To address these problems, the team developed a method to extract the metal layer from compact discs and shape them into biosensors. First, they soak a CD in acetone for 90 seconds to break down the polycarbonate substrate. Once dissolved, the metal layer can be lifted away with a polyimide adhesive tape. The metal layer was then transferred to tattoo paper as a temporary, durable substrate for the next step in the process.

The freed metal layer was then adhered to the cutting mat of an inexpensive Cricut mechanical cutter of the sort that might be found in any hobbyist's toolkit. By importing AutoCAD drawings into the Cricut Design Space software, the researchers were able to cut intricate patterns into the thin metal extracted from the CD. By introducing various patterns (serpentine, wavy, etc.) into the design, the resulting sensors can be made to conform to the body, be stretchable, and have other qualities like strain relief.

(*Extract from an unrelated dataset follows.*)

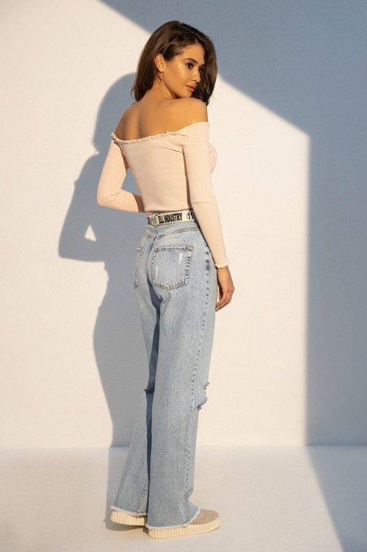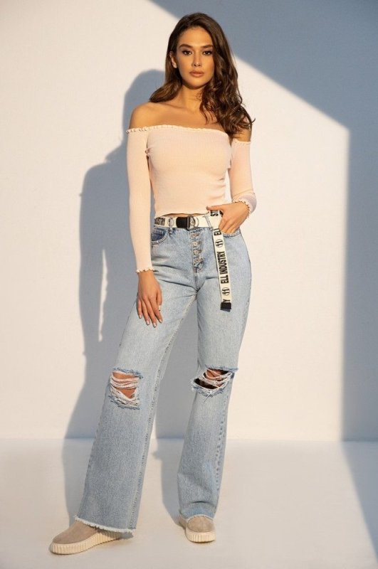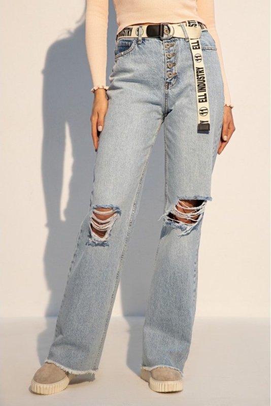 Прямые джинсы с декоративными дырками на коленях. Модель выполнена из светлого денима с высокой посадкой, подчеркивающая талию. Необработанный край брючин вносит легкую небрежность в образ. Ремень в комплекте. Джинсы - идеальное решение для создания комфортных ультрамодных луков. Произведено в Турции.

To test the suitability of the recycled material for use as a biosensor, the researchers created a pair of electrodes for use in collecting electromyography (EMG) measurements. These electrodes were attached to the skin, then compared with commercial gel electrodes. A two-channel EMG was recorded synchronously, and it was observed that the signals from the recycled metal electrodes, and the commercial gel electrodes, looked very similar. In another trial, they created a wearable temperature sensor which was benchmarked against an infrared camera. Again, the performance of the recycled sensors was found to be quite good.

The process to go from CD to sensor only costs about $1.50, and as a bonus, CDs are kept out of the landfill. The team is hoping to set up drop boxes for unwanted CDs so that they can be upcycled into sensors. They also have plans to distribute step-by-step instructions so that others can use their technique — they note that anyone can do it, and it does not require any special engineering skills.